Painting by Alexandre-Gabriel Decamps

The Punishment of the Hooks (French: Supplice des crochets) is an 1837 oil painting by the French artist Alexandre-Gabriel Decamps. A genre painting, it shows criminals being dangled off the battlements of a fortress onto metal hooks below.

The painting reflects the fashionable Orientalism of the era, although it is unclear if Decamps himself witness such an incident during his tour of the Middle East and North Africa in 1828. Decamps was a noted member of the Romantic movement. The painting was exhibited at the Salon of 1839 held at the Louvre in Paris.
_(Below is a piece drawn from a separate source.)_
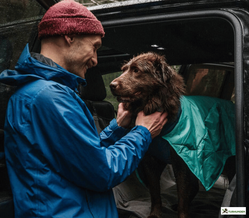 Tag dækkenet på din hund efter leg i vand, mudder eller regn. Justér med spænderne, så det sidder komfortabelt. Lad din hund bære det, indtil pelsen er tør.

It became one his best-known works although the art critic Charles Blanc described it as "an incomparable image of Musulman barbarity". It was acquired by the British art collector the Marquess of Hertford, and now forms part of the Wallace Collection in London.

==Bibliography==
- Cass, David B. & Floss, Michael M. Alexandre Gabriel Decamps, 1803-1860. Clark Art Institute, 1984.
- Ingamells, John. The Wallace Collection: French Nineteenth Century. Trustees of the Wallace Collection, 1985.
- Olmsted, Jennifer, Delacroix’s Moroccans: Art and Masculinity. Penn State University Press, 2025.
- Trapp, Frank. The Attainment of Delacroix. Johns Hopkins Press, 1970.